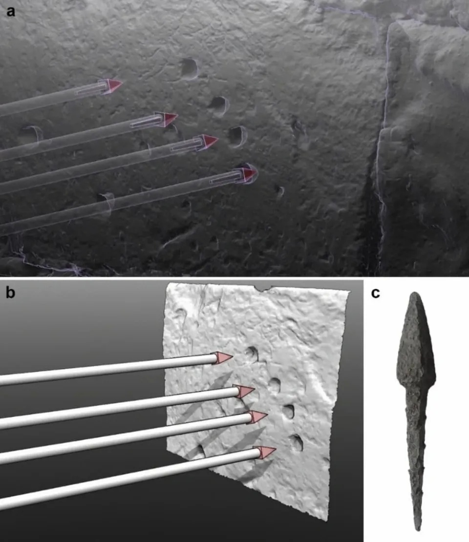 Η πιο πιθανή εξήγηση, σύμφωνα με την ομάδα, είναι ότι τα σημάδια προκλήθηκαν από το λεγόμενο polybolos, ένα εξελιγμένο όπλο ελληνικής επινόησης, το οποίο μπορούσε να εκτοξεύει διαδοχικά βέλη με μηχανικό τρόπο. Το όπλο αποδίδεται στον Διονύσιος ο Αλεξανδρεύς και περιγράφεται αναλυτικά από τον Φίλων ο Βυζάντιος τον 3ο αιώνα π.Χ.
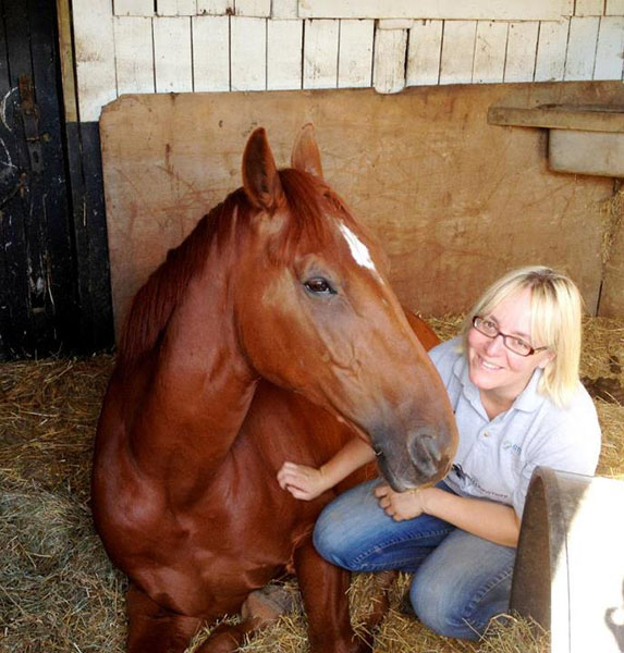 Now I shall stray further from horsemanship and towards pictorial fantasy. Take a look at the beautiful horse, Romeo below, with his owner. They have trained and competed together, and some of this must be hard work, but here they are sharing a quiet moment in the stable. Romeo is so relaxed and happy that he hasn’t even stood up. There is something on this horse’s face that I read as a “smile”, and it has something to do with the almond shape of the eye:
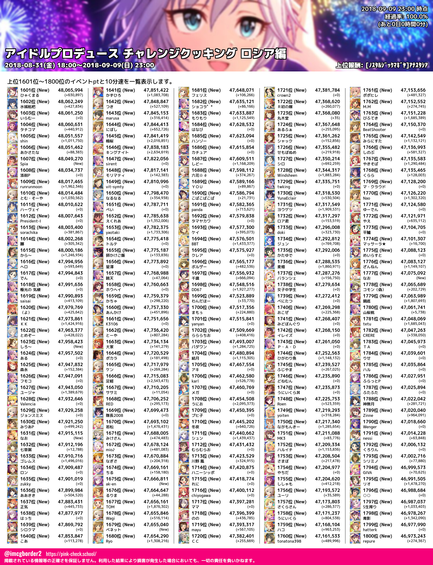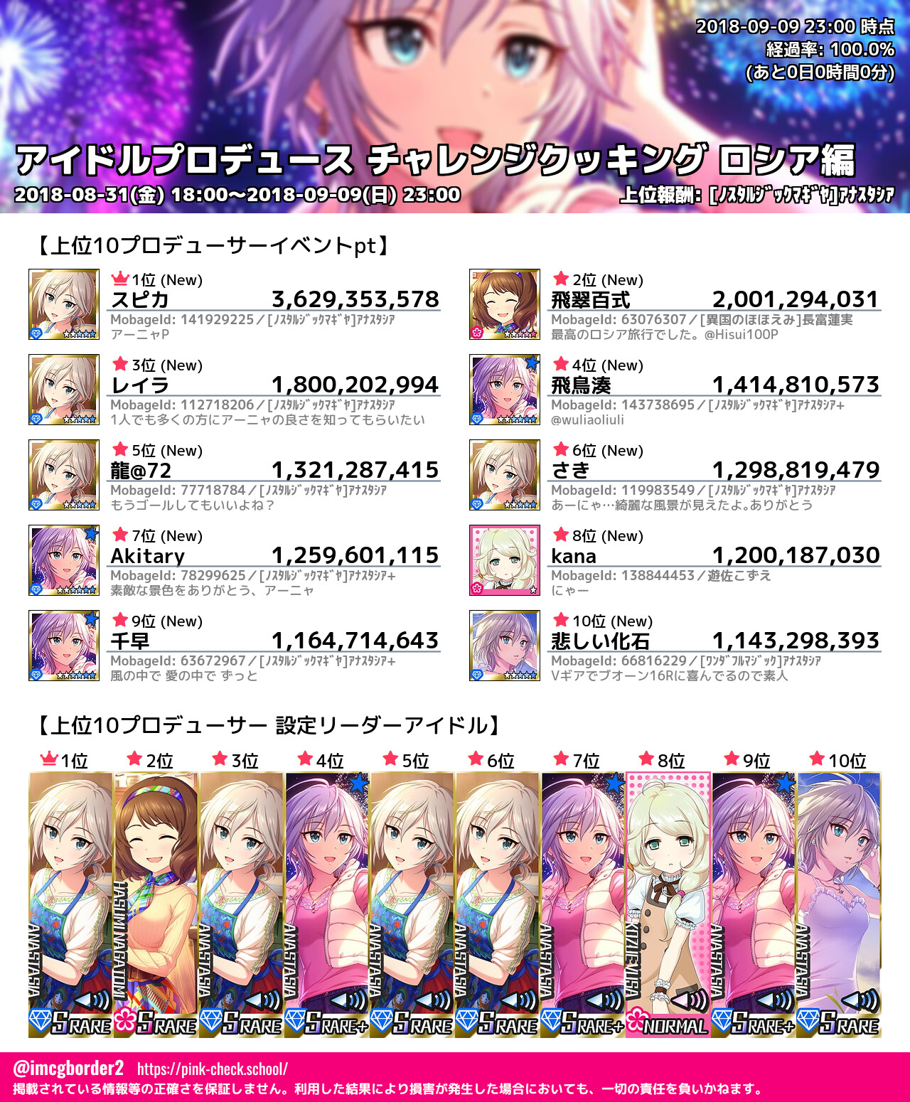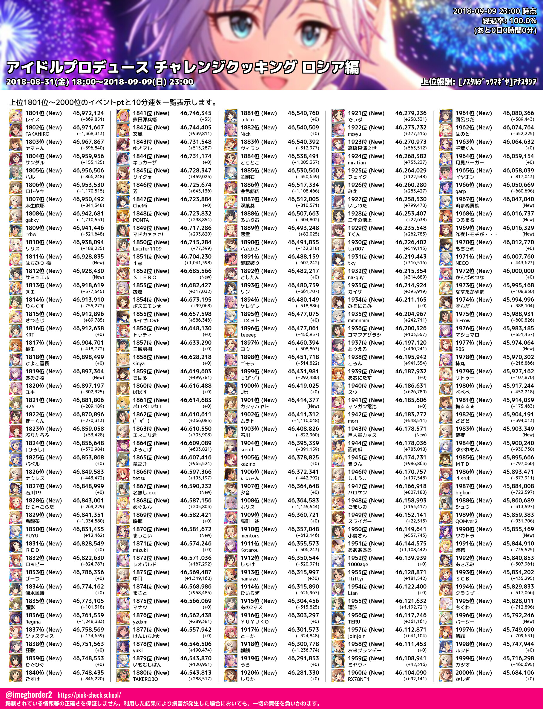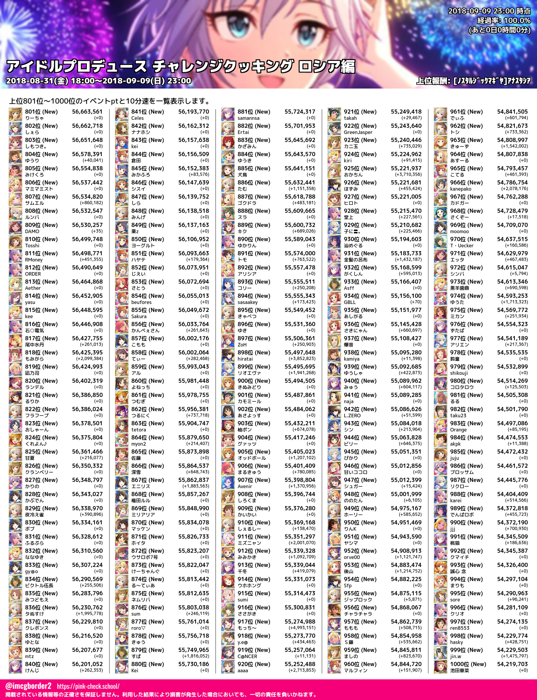 上位プロデューサースコア (2018-09-09 23:00 時点)

**WORK INSTRUCTION**
Pictures aside, reproduce exactly the lines from the one containing "Now I shall" to the end of the listing above, both ends included.

**SOLVED EXERCISE**
 Now I shall stray further from horsemanship and towards pictorial fantasy. Take a look at the beautiful horse, Romeo below, with his owner. They have trained and competed together, and some of this must be hard work, but here they are sharing a quiet moment in the stable. Romeo is so relaxed and happy that he hasn’t even stood up. There is something on this horse’s face that I read as a “smile”, and it has something to do with the almond shape of the eye:
 上位プロデューサースコア (2018-09-09 23:00 時点)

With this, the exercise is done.